После краткого совещания судьи решили единогласно, что показание не может быть принято. Свидетельница должна показывать только то, что она сама видела и заметила в отношениях мужа и жены.
Лорд-адвокат возобновил допрос свидетельницы, и Кристин Ормзон рассказала следующее:
«Мое положение сиделки давало мне возможность видеть миссис Макаллан почти постоянно, и я в состоянии рассказать многое, что неизвестно другим.
Так, например, я не раз имела возможность заметить, что мистер и миссис Макаллан жили друг с другом не совсем счастливо. Я могу представить вам пример этого, пример не из того, что я слышала от других, но из того, что видела сама.

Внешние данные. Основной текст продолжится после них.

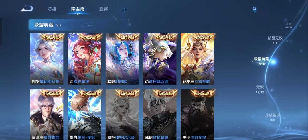 V10、543皮14水、吕布典藏-千魇归渊、愿照·九州拓、愿照·众生和、怪盗基德、伽罗星传说红枫、瑶典藏拾光映像、冥王哈迪斯、、龙年限定、齐天大圣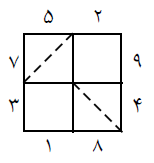 در جدول روبه‌رو می‌توانیم با کشیدن هریک از دو قطر هر خانه٬ یک آینه‌ی دو‌طرفه در آن خانه قرار دهیم. در واقع برای هر خانه سه حالت متصور است. یا آینه‌ای درون آن نیست و یا اینکه یکی از قطر‌های آن کشیده شده است. برای مثال در شکل روبه‌رو دو آینه که با خط‌چین مشخص شده‌اند در جدول وجود دارند. به ازای هر وضعیت جدول٬ مقدار آن وضعیت به این صورت تعیین می‌شود که هر دو عددی که همدیگر را می‌بینند (با توجه به آینه‌ها) در هم ضرب می‌کنیم و مجموع این حاصل ضرب‌ها٬ مقدار آن وضعیت جدول را مشخص می‌کند (دید اعداد به گونه‌ای است که در صورتی که آینه‌ای وجود نداشته باشد هر عددی٬ عدد مقابل خود را می‌بیند). برای مثال مقدار وضعیت روبه‌رو به این صورت محاسبه می‌شود: $1 \times 9 + 3 \times 8 + 2 \times 4 + 5 \times 7 = 76$ .
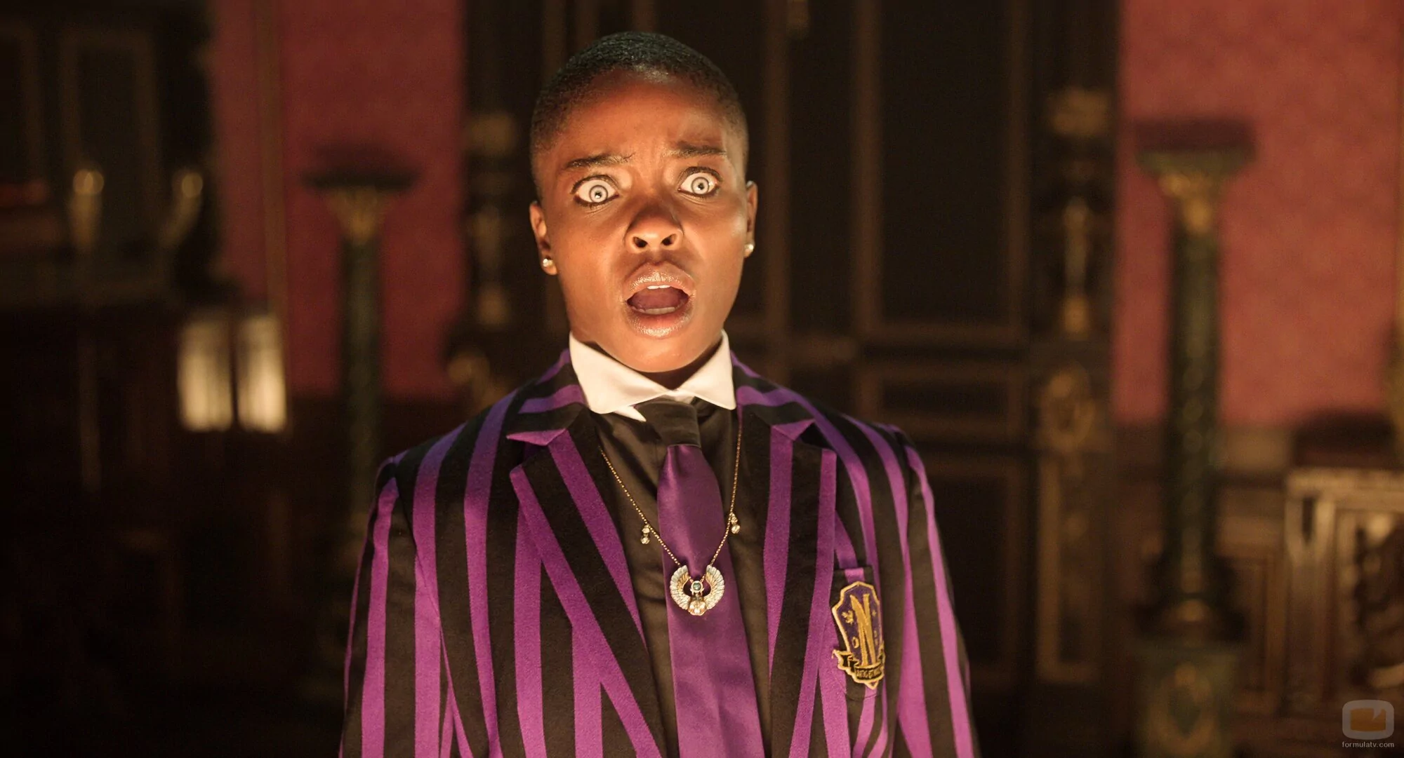 La intérprete Joy Sunday en una escena promocional del episodio 'Consígueme dinero... triste' de la serie 'Wednesday'.

В начале второй половины моего пребывания у миссис Макаллан, в Гленинг приехала погостить некто миссис Болл, молодая вдова и родственница мистера Макаллана. Миссис Макаллан ревновала мужа к этой особе и выказала это в моем присутствии накануне своей смерти, когда мистер Макаллан пришел в ее комнату, чтобы узнать, как она провела ночь. «Какое тебе дело, как я провела ночь, — сказала она. — Не все ли тебе равно, спала я или нет? Как провела ночь миссис Болл? Все так же ли она прекрасна, как всегда? Иди к ней, не теряй времени со мной». Начав так, она довела себя до одного из своих припадков бешенства! Я причесывала ее в это время. Думая, что мое присутствие при такой сцене неуместно, я хотела уйти из комнаты. Она остановила меня. Мистер Макаллан был также того мнения, что мне следовало уйти, и высказал это прямо. Миссис Макаллан потребовала, чтобы я осталась, и употребила при этом выражения, крайне оскорбительные для мужа. Он сказал: «Если ты не в состоянии сдержать себя — кто-нибудь из нас, я или сиделка, уйдем из комнаты». Она сказала: «Это хороший предлог, чтоб уйти к миссис Болл. Иди!» Он вышел из комнаты. Лишь только дверь за ним затворилась, как миссис Макаллан начала говорить мне о нем самые оскорбительные для него вещи. Между прочим, она сказала, что ничто не обрадовало бы его так, как ее смерть. Я начала возражать ей. Она схватила головную щетку, швырнула ее в меня и выгнала меня из комнаты. Я ушла и ждала внизу, пока не успокоилась. Затем я вернулась к ней, и некоторое время все шло как обычно.